▸ Records shown

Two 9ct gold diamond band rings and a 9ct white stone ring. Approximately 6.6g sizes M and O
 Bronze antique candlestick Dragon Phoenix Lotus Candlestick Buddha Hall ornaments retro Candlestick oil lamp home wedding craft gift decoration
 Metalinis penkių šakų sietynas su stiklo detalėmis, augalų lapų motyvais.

==

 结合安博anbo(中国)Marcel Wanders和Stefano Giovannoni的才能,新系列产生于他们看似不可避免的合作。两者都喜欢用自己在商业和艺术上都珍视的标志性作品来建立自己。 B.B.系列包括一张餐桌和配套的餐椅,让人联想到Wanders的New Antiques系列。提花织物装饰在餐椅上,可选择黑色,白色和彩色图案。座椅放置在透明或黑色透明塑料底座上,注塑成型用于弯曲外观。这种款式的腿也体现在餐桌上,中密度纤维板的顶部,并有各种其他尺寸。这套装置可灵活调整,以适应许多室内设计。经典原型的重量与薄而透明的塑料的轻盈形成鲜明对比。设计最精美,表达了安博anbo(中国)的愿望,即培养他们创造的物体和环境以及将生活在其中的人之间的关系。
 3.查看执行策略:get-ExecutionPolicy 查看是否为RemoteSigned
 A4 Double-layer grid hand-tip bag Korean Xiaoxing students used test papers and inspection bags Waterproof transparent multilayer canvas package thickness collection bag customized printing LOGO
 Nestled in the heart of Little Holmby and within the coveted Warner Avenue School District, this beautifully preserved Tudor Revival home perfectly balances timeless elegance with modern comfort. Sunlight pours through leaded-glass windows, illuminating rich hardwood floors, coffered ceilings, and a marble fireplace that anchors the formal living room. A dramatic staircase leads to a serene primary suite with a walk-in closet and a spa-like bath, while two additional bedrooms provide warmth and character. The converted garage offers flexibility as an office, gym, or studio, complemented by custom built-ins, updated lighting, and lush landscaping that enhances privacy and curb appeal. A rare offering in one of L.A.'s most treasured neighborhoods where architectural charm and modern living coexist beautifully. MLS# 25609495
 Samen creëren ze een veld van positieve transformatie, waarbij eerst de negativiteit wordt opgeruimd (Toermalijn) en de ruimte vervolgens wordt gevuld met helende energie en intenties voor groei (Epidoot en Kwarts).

▸ The task
Which of the lines above carry the string "home"? Copy every one.

▸ Solution below
 Bronze antique candlestick Dragon Phoenix Lotus Candlestick Buddha Hall ornaments retro Candlestick oil lamp home wedding craft gift decoration
 Nestled in the heart of Little Holmby and within the coveted Warner Avenue School District, this beautifully preserved Tudor Revival home perfectly balances timeless elegance with modern comfort. Sunlight pours through leaded-glass windows, illuminating rich hardwood floors, coffered ceilings, and a marble fireplace that anchors the formal living room. A dramatic staircase leads to a serene primary suite with a walk-in closet and a spa-like bath, while two additional bedrooms provide warmth and character. The converted garage offers flexibility as an office, gym, or studio, complemented by custom built-ins, updated lighting, and lush landscaping that enhances privacy and curb appeal. A rare offering in one of L.A.'s most treasured neighborhoods where architectural charm and modern living coexist beautifully. MLS# 25609495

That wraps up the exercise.